See what I mean? I could go on & on & on & on, but I won't.

Being a grown-up is hard.

But I can have cake for breakfast.

Saturday, October 4, 2008

11 & 5/8

One of my guilty pleasures is watching "American Dad" on Fox. It's a cartoon, and it's for adults, and its brash, and often times outright rude. But it's funny. The season premiere started with the teenage boy announcing that he had hit puberty. This immediately caused flashbacks for his parents of when their daughter had gone through puberty. They then packed their bags & planned on running away until it was over. They were scared.

I can relate.

I know what it is. The problem with puberty. It's the crying.

Not the silent tears running down her cheeks, and a slight sniffle. Not the crocodile tears like when she couldn't get what she wanted. Not the scared cry, not the hurt cry.

It's a cry that I am pretty sure comes from her toes.

It's a cry that sounds like she has just lost her best friend, and cat, all at once.

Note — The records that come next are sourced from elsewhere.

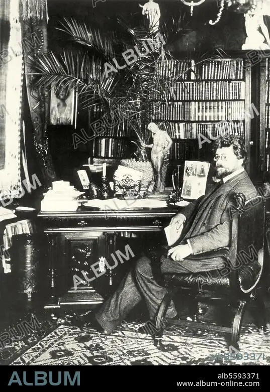 Ganghofer, Ludwig Writer Kaufbeuren 7.7.1855 - Tegernsee 24.7.1920.- - Ganghofer sitting at his desk.- Photo c. 1900 (Otto Haeckel).
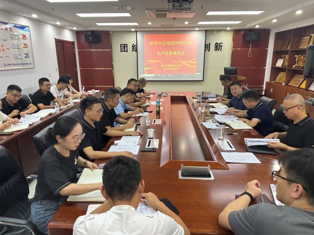 8月14日上午,蚌埠分公司組織召開8月份生產(chǎn)經(jīng)營調(diào)度會,分公司領(lǐng)導(dǎo)班子成員、所屬各項(xiàng)目部、機(jī)關(guān)各部門負(fù)責(zé)人及工程管理部全體員工參加會議,會議由分公司副經(jīng)理張斌主持。
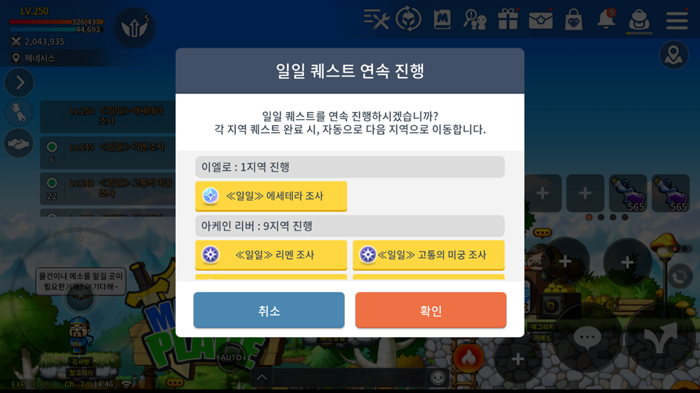 2. 아케인 리버 지역 일일 퀘스트 개선
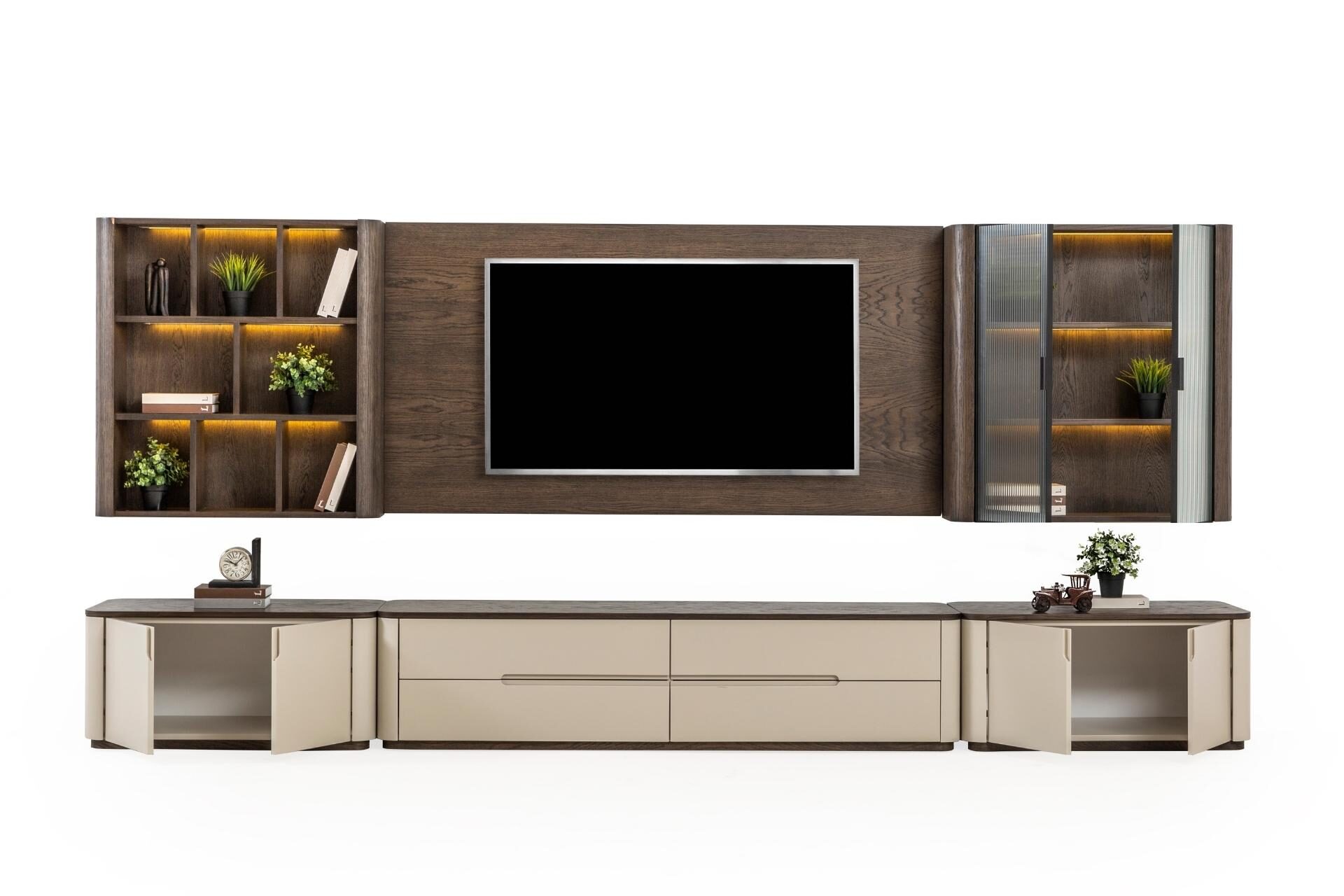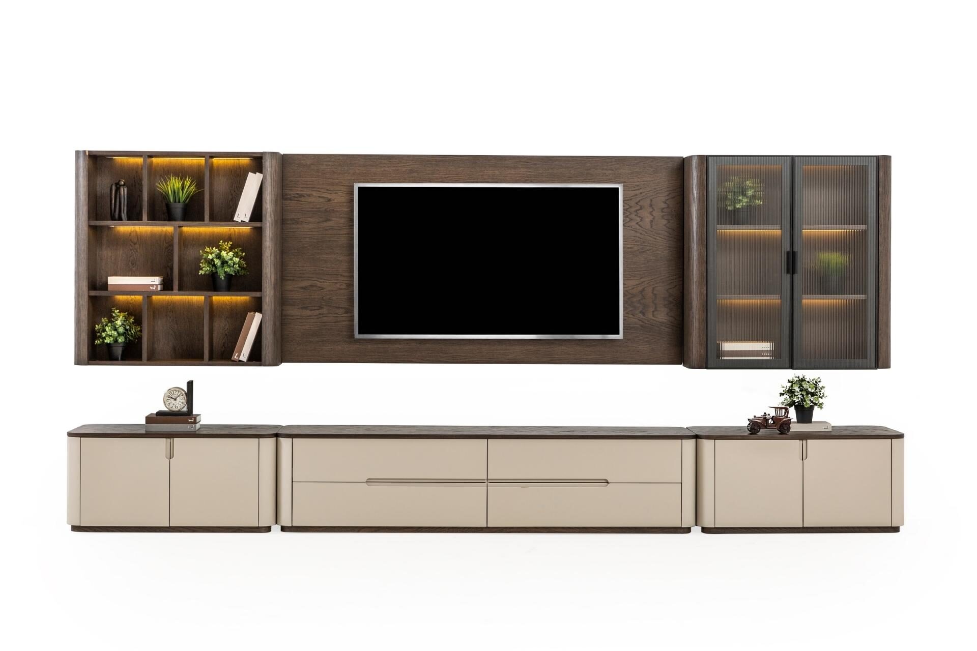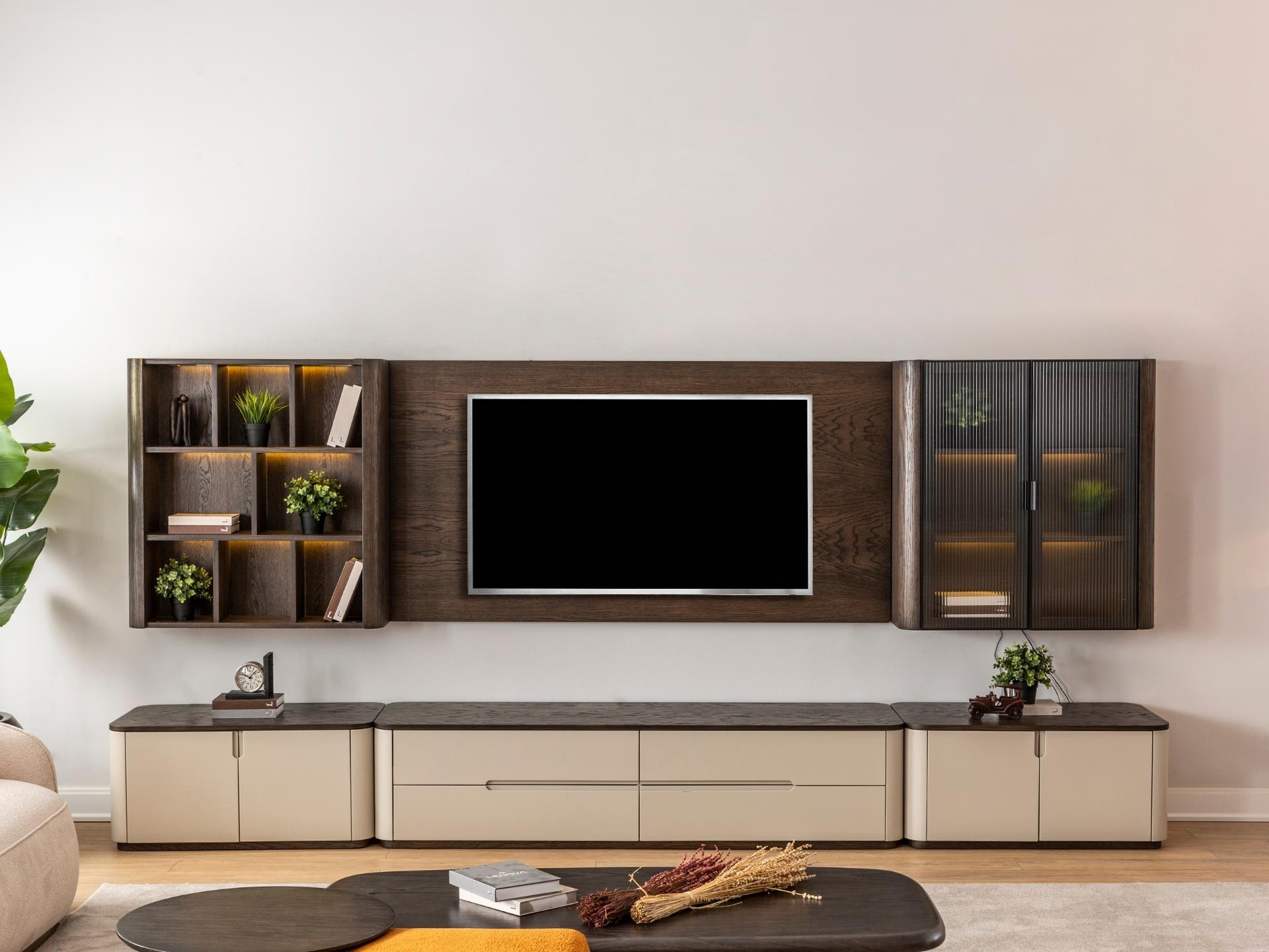 Teknoloji ve sanatın en görkemli buluşması. Astana TV Ünitesi, koleksiyonun karakteristik zengin yüzey işçiliğini ve heybetli duruşunu yaşam alanınızın odak noktasına taşıyor. Sadece bir TV sehpası değil, geniş saklama alanları ve estetik raflarıyla salonunuzun tüm düzenini sağlayan mimari bir parça. Modern lüksün en net ifadesi olan bu ünite, Astana serisinin o asil ruhunu her detayında hissettiriyor.
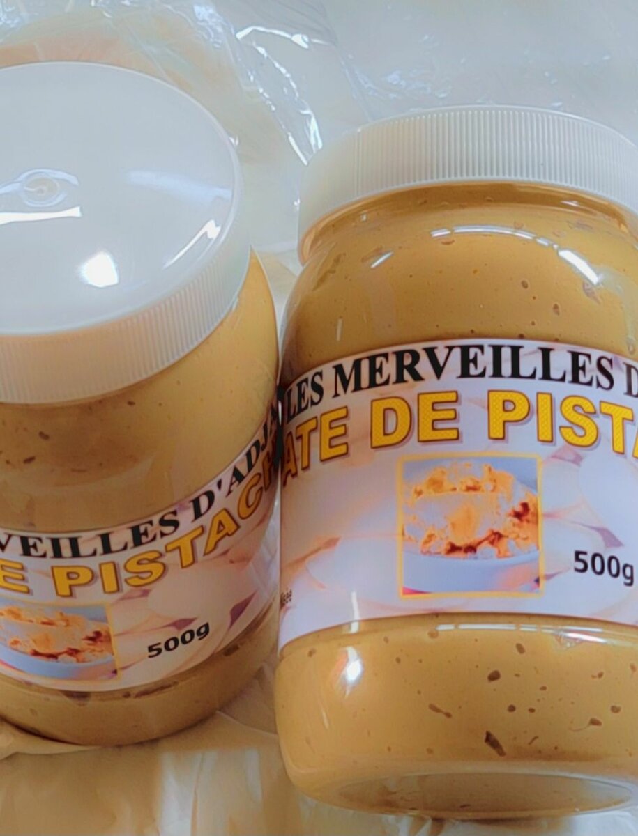 Délicieuse pâte de pistache naturelle, parfaite pour pâtisseries et desserts. Saveur authentique et crémeuse, idéale pour les amateurs de pistache. Poids net : 500g.

In fact if you heard it, it would break your heart. It's quite pitiful. Because it's not mean spirited. It's not a temper tantrum. She is sad.

Today she cried for about 10 minutes. Inconsolably (not that I was trying to console her, I wasn't). But before you judge her, let me tell you, the cause was very serious in nature. You see, she wanted rigatoni for lunch. She got PBJ.

I know, it's tragic beyond words, and I fully understand why this act in & of itself truly made her believe that I do not love her. That although there are children starving, the fact that she had PBJ instead of rigatoni was the biggest betrayal that I could have ever inflicted on her.

The thing is, is that she used to be reasonable. She's a good girl, don't get me wrong. But at some point in September all sense of logic & reason went out the window.

Sometimes it's going to dance class, sometimes it's not being able to go on the computer, sometimes it's rigatoni. And her world shatters.

Now bear in mind, I'm not completely ignorant, our family had a very rough summer, a lot of very serious health situations with our loved ones. I know that took a toll. But she soildered through. She went to sleep away camp for the first time for a week. Loved it wants to go for two weeks next year. Middle school started. Lots of responsibility, and independence.

I get it.

And I have expected terrible outbursts, and tantrums, and rebellion.

I got crying. And despair.

But then it's over. Forgotten. But not regretted. She feels justified in being that sad.

It's rigatoni.

What does it symbolize to her I wonder?